* DATA TO USE:
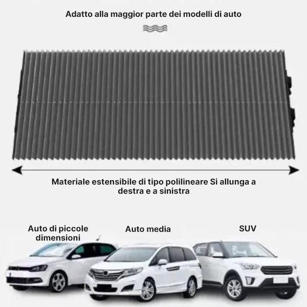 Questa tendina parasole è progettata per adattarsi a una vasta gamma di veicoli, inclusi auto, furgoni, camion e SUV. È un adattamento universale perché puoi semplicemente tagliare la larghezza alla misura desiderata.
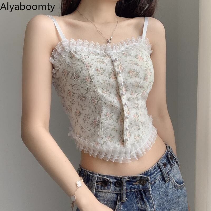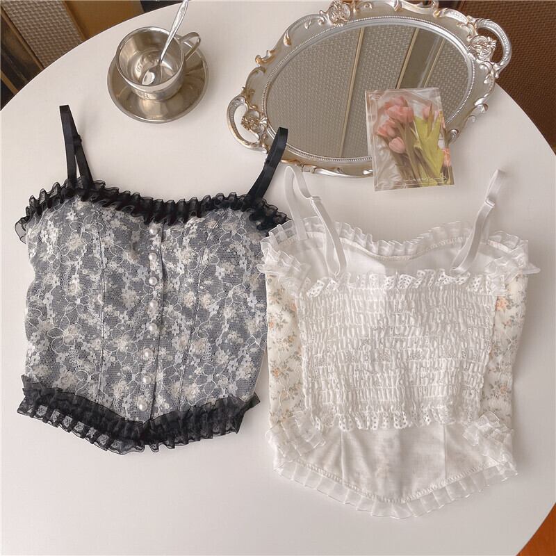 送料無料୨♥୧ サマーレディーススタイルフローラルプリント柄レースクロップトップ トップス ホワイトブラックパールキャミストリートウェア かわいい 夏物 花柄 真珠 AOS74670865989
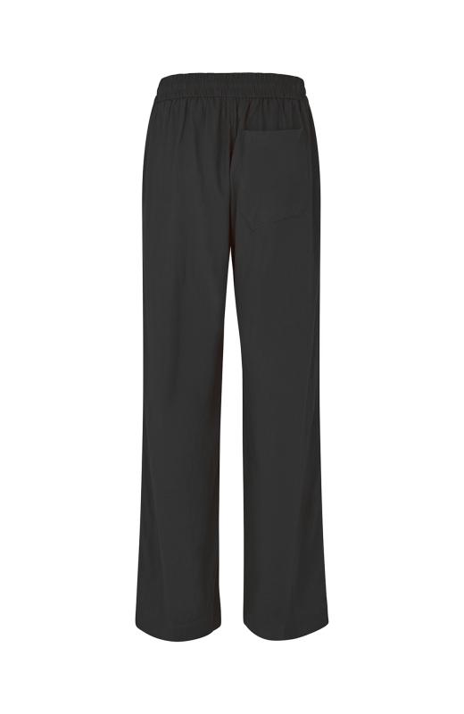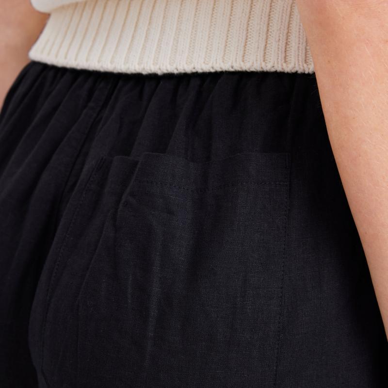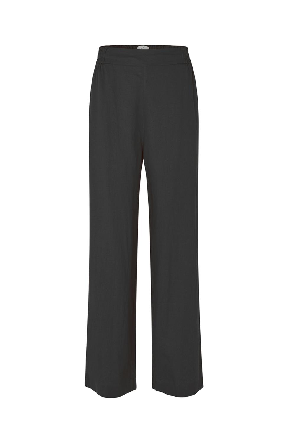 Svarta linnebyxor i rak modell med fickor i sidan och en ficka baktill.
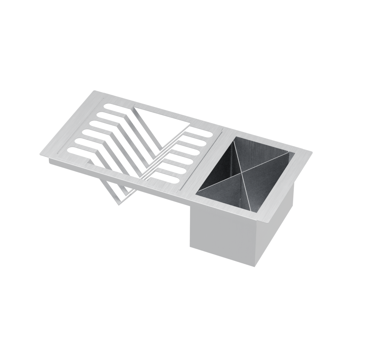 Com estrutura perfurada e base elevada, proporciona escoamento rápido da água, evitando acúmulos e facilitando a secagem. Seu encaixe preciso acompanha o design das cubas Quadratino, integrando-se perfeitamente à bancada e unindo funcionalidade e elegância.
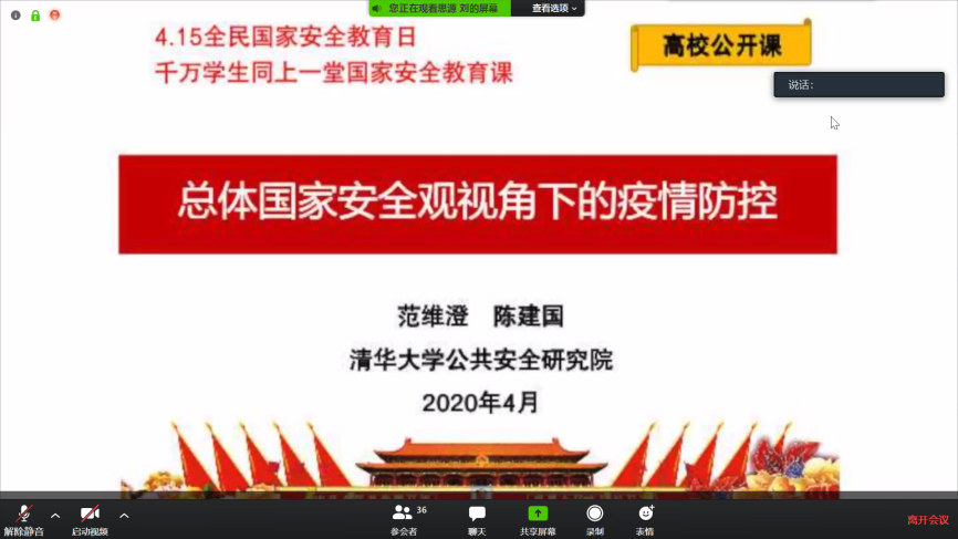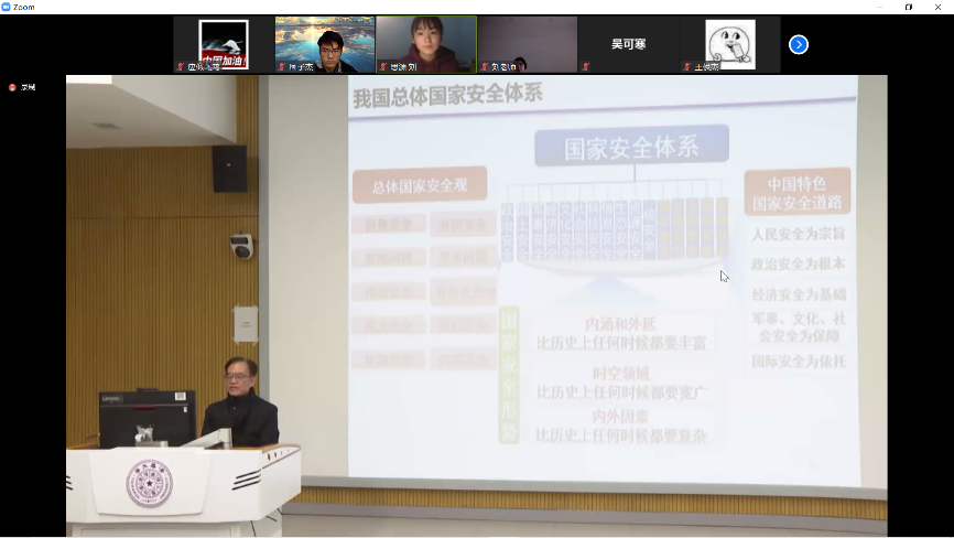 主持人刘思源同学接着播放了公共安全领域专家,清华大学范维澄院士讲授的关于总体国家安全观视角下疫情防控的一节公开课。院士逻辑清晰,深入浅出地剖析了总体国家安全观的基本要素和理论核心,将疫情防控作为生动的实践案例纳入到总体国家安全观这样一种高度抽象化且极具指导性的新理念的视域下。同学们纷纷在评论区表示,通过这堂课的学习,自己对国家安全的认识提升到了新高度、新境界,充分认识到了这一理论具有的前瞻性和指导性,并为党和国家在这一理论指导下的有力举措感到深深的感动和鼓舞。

* YOUR GOAL:
Set the lines above down again, word for word, from the first through the one containing "Com estrutura perfurada"; pictures excluded.

* ANSWER TO THIS EXERCISE:
 Questa tendina parasole è progettata per adattarsi a una vasta gamma di veicoli, inclusi auto, furgoni, camion e SUV. È un adattamento universale perché puoi semplicemente tagliare la larghezza alla misura desiderata.
 送料無料୨♥୧ サマーレディーススタイルフローラルプリント柄レースクロップトップ トップス ホワイトブラックパールキャミストリートウェア かわいい 夏物 花柄 真珠 AOS74670865989
 Svarta linnebyxor i rak modell med fickor i sidan och en ficka baktill.
 Com estrutura perfurada e base elevada, proporciona escoamento rápido da água, evitando acúmulos e facilitando a secagem. Seu encaixe preciso acompanha o design das cubas Quadratino, integrando-se perfeitamente à bancada e unindo funcionalidade e elegância.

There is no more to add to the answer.